Originally Posted by corsair23
Well, I don't buy it. First, you have to build the wind farms. That won't be very quick. Then you have to get enough people to start buying CNG burning vehicles to use up the 22% of CNG that was previously used to make electricity. Of course you need a car manufacturer to make all of the CNG buring cars or come up with conversion kits for existing vehicles. Then, you need to add to the infrastructure to get CNG available to people to fill up or offer some sort of home fill up kit. It would sort of ruin the economics of it if people have to drive 10 or 20 miles to "fill up" somewhere that they can get CNG.
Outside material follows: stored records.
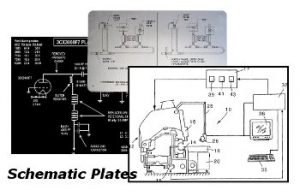 Schematic plates, or schematic diagrams, are often utilized when there is a need to inform others of the circuitry or proper usage of certain equipment. Schematics can be found almost anywhere and are used for a wide variety of reasons. Some of these reasons include the proper operation of machinery, for repair purposes and for the correct wiring of specific components.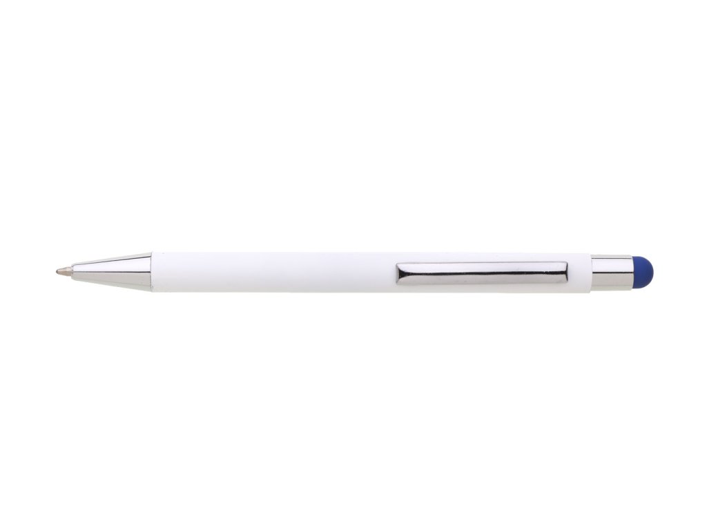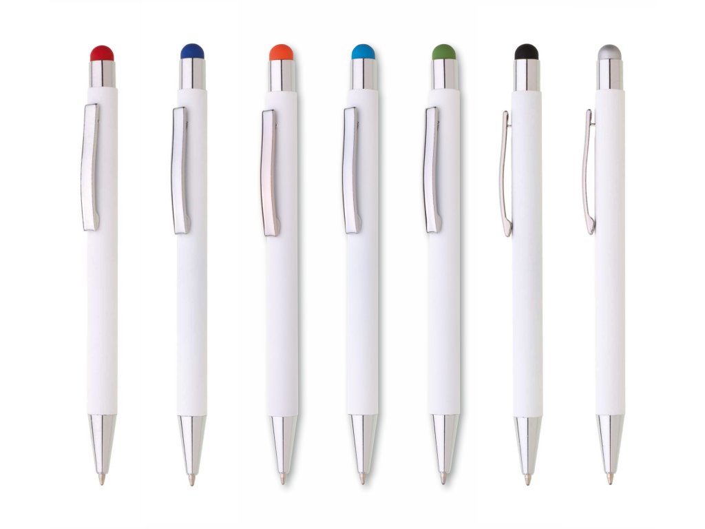 Kovové guľôčkové pero GRATTA SOFT so soft povrchom a farebným hrotom pre ovládanie dotykovej obrazovky. Na bielom tele krásne vynikne výsledný efekt laseru vo farbe dotykového hrotu (magic laser). Modrá náplň velkoobjemová.Dodatočné parametre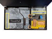 Lift the battery using it's cloth pull tab and lift it out of the ThinkPad. Set it aside.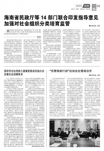 海南省民政廳等14部門聯(lián)合印發(fā)指導(dǎo)意見加強(qiáng)對(duì)社會(huì)組織分類培育監(jiān)管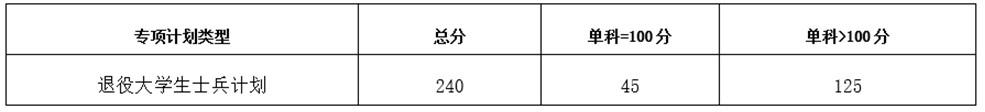 三、“退役大学生士兵”专项计划复试基本分数线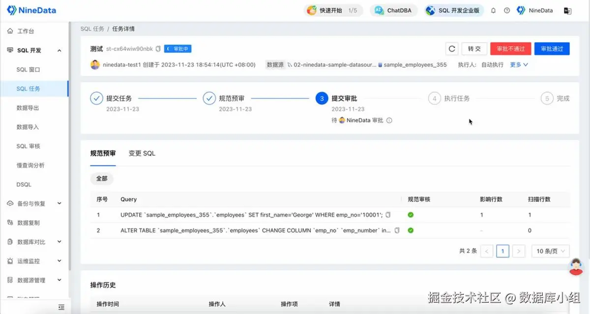 NineData 数据变更审批功能,解决的就是这件事。

I do buy it. Maybe I'm just an optimist. If we make it a priority, and put some money and political will behind it, we can make it happen. More than any other country, Americans have the ability to make it happen when we decide that it needs to happen.
In 1962, JFK said this:
We choose to go to the moon. We choose to go to the moon in this decade and do the other things, not because they are easy, but because they are hard, because that goal will serve to organize and measure the best of our energies and skills, because that challenge is one that we are willing to accept, one we are unwilling to postpone, and one which we intend to win, and the others, too.
In 1969, Neil Armstrong was walking on the moon. That was in less than 7 years
, and they had to invent everything from scratch.
Unlike NASA in the 1960s, we've already invented wind farms, turbines, and CNG burning vehicles. If it takes 20 years to build a bunch of fuel stations for CNG, then that's because there's no profit in it. Think how quickly Compuserve, AOL and Prodigy built nationwide networks of dial-up centers back in the mid-90s. If there is money to be made, American ingenuity will kick into high gear. Nobody is as creative as we are at solving problems to make money. Nobody.
If T Boone Pickens is involved in it, there is money to be made. He's no fool. I don't buy him as an altruist -- he's a capitalist.
In summary, God bless America, and may we tell all the idiots in the world to keep their damn oil.
Man, I should run for office. Or be a preacher. Hallelujah, and pass the pale ale.